Ich wollte anfang dieses Jahres mein Boot auch Übermotorisieren. Habe es dann aber gelassen #t
Gründe lagen klar auf der Hand :  Versicherungstechnisch
und die zusätzlichen Kilo´s am Heck + E-Motor wären nicht vorteilhaft für den Spiegel.

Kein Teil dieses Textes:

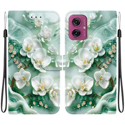 Funda de Cuero para Motorola Moto G55 con Dibujo de Colores y Textura de Cristal (Flores de Jade)
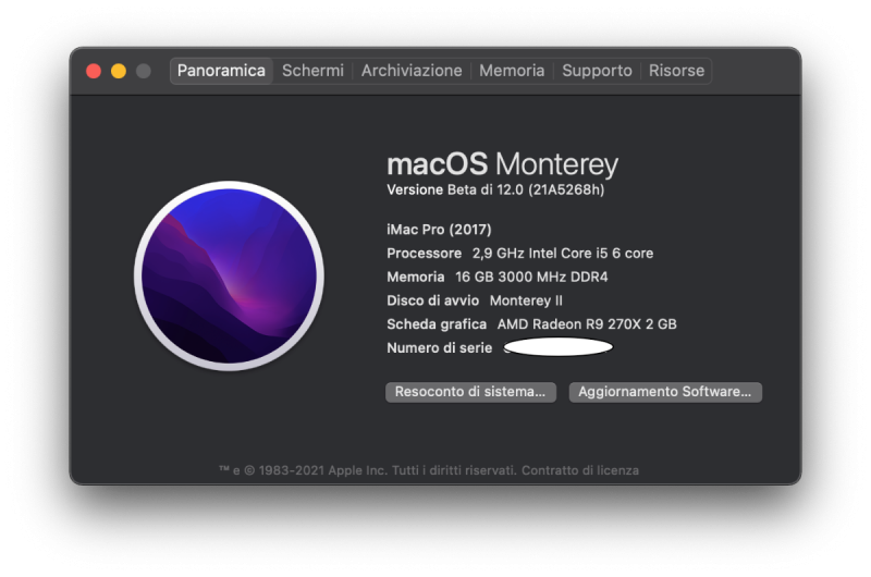 1. A mente fredda ora ho "l'impressione" che tutto il casino sia dovuto al fatto che la prima installazione di Monterey io l'ho fatta aggiornando una installazione di BigSur più che installare pulito. Ieri sera quando ho formattato ho visto che il disco incriminato oltre che contenere una partizione "dati" di Monterey aveva dentro anche una partizione dati del precedente BigSur, ora come ho detto è una mia impressione quindi prendetela con le pinze , dovrei fare una installazione pulita della beta 1 e riprovare ma al momento non se ne parla, in due giorni tra aggiornamenti e pacchetto completo ho tirato giù qualcosa come 30 Gb , devo far respirare un po il modem se no fonde 😄😄
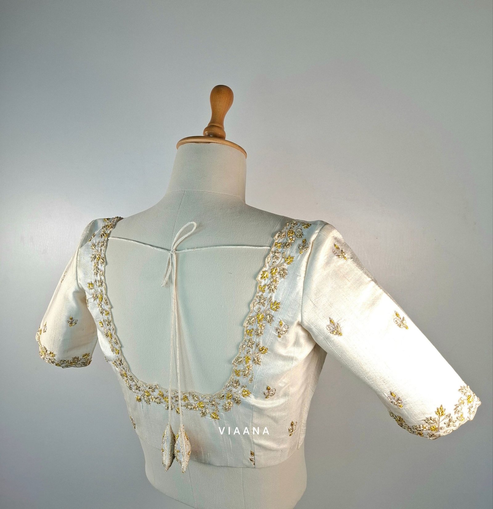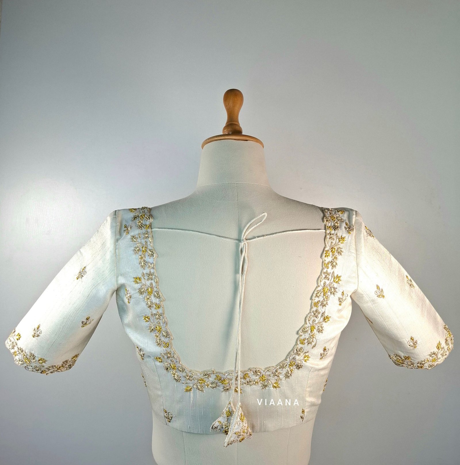 Bullion knot floral embroidery blouse with flower dangle on back
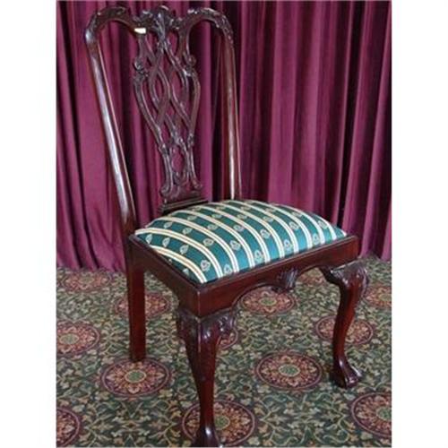 YOU ARE BIDDING ON A SET OF 6 SIDE CHAIRS, IF YOU ARE INTERESTED IN JUST A FEW, WE CAN SPLIT UP THE SET...JUST WHAT YOU'VE BEEN LOOKING FOR... FABRIC WILL MAY VARY... TERRIFIC FORM AND SHAPE... FABULOUS ANTIQUE STYLE WAVERLY UPHOLSTERY... EXQUISITE PIERCED BACKS WITH CUSHIONED SEATS... WHAT A GORGEOUS SET OF 6 FABULOUS VICTORIAN ORNATE CHIPPENDALE DINING CHAIRS... This set is hand crafted in what is considered a lost art form. The aged WALNUT has darkened into a full-bodied chestnut brown, hand rubbed in a smooth bees wax finish. This SET OF 6 FABULOUS VICTORIAN ORNATE CHIPPENDALE DINING CHAIRS are sure to become a highly sought after investment, to insure ownership of this quality set.
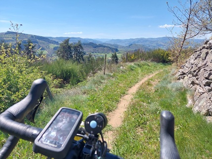 Je dépose mon sac de voyage dans la camionnette qui en assurera le transport jusqu’à l’hébergement d’arrivée à 1100 mètres d’altitude. D’un coup de ciseau je colle la puce de la plaque arrière sur la plaque de cintre. Je range le gamex dans une sacoche sachant que dès le 7ème km je monterai en température. Je me place en toute fin de groupe composé d’une soixantaine de participants. Le speaker lance le décompte : « 5, 4, 3, 2, 1 il est 10H c’est parti pour 200Km en 2 jours. Bon courage et faites-vous plaisir ». Le véhicule de la police municipale s’élance pour ouvrir le chemin en ville jusqu’à la via Rhona. Les 7 premiers km longent le Rhône. La cadence commune dépasse les 30Km/H. Virage à droite puis à gauche et nous voilà dans le village de Mauves. A sa sortie clignotant à gauche. Ça y est me voilà dans le vif du sujet … les 14 km de montée. Le groupe s’étire progressivement. Je réveille le plateau de 30. Je monte au train. L’inclinaison des 3 premiers km alterne entre 3% et 6%. Les suivants atteignent les 7 à 12%. Chemins de vigne et quelques parties asphaltées se succèdent. Que de beaux paysages. Les jambes tournent bien. Une participante m’interpelle : « j’ai vu Ardennes sur votre maillot. Vous venez de loin ! ». Malgré la pente nous échangeons une vingtaine de minutes sur ce qui nous a amené au gravel et la polyvalence de cette pratique. De rares portions relativement plates permettent de récupérer. Le soleil commence à se faire sentir. J’ai chaud la couenne. Le vent bien que de face est appréciable pour son côté rafraichissement. Je pense à boire une gorgée de boisson isotonique régulièrement. Je suis étonné que le convoi ne se soit pas plus étiré. En effet, de nombreux graveleux roulent toujours devant moi. De ce fait je ne regarde guère mon GPS. Je suis bêtement la roue devant moi. Je m’attends donc à un moment donné à me retrouver hors trace car seuls les premiers participants naviguent réellement. La technique du mouton de Panurge a effectivement ses limites. Heureusement, mon Karoo se met à m’assassiner les tympans pour m’alerter de l’erreur de direction. J’hurle pour en informer les 2 graveleux 10 mètres devant moi. Ils me remercient et nous rebroussons chemin de 50 mètres pour reprendre la trace. Nous papotons par moment d’itinérance en bikepacking avant d’entamer la 1ère longue descente. Les 40Km/H rafraichissent agréablement. Les virages à forte courbe imposent de rester concentré. Ces km de route goudronnée débouchent sur un chemin toujours au profil descendant. L’Ardèche sort ses atouts. De la caillasse sur 800 mètres. Il est nécessaire de bien placer ses roues et de récupérer les glissades avant d’arriver à Saint-Romain de Lerps. Je laisse mes 2 compères filer pour immortaliser mon passage au col de Mayres. Je ressens de plus en plus la chaleur d’autant plus que ça fait bien longtemps que je n’ai pas roulé sous 26°. Le ravito de Colombier le Jeune au km 45 est le bienvenu. Je déglutis coca et eau pétillante. Je mache banane, orange, un mini saucisson et autres aliments. Si au niveau boisson le ravito est copieux il manque du salé type petits « toasts », fromages. Je discute avec un possesseur d’un Ridley. Je rempote mon bidon. Je reprends mon périple après cette pause d’une quinzaine de minutes.

Das muß jeder für sich selbst Entscheiden - nur nicht rumheulen wenn was passiert ist|kopfkrat


----------



## Stxkx1978 (23. März 2013)

*AW: Außenborder Übermotorisierung*

es kommt auch drauf an was jeder unter übermotorisieren versteht.
für einen sind 5ps mehr zuviel,und bei nem anderen ist es die doppelte Leistung wo es anfängt.
hab fünf PS mehr,könnte auch 10mehr dranhängen wäre alles gut.ist ein zweitakter der wiegt 59kg.ein viertakter hat da schon 90kg.
bei nem dünnwandigen boot,bei dem sich schon bei normaler motorisierung der spiegel nicht nen vertrauenswürdigen eindruck macht,würde ich von dem boot eh die finger lassen.
sparsamer ist es allemal mit nem 30ps halbgas zu fahren,als mit nem 15ps vollgas.

Gruss
Daniel


----------



## Grazy (23. März 2013)

*AW: Außenborder Übermotorisierung*

Da die Hersteller von Booten am Spiegel eine Plakette dran haben die genaue Aussagen treffen wieviel PS und wieviel Kilo man da mitführen kann sollte man das auch nicht überschreiten,denn es geht nicht darum ob am Spiegel 10 kg mehr daran hängen sondern es ist so ausgelegt das der Spiegel die 20 PS im Wasser unter Volllast aushält denn der Druck ist enorm bei abrupten vollgas.


----------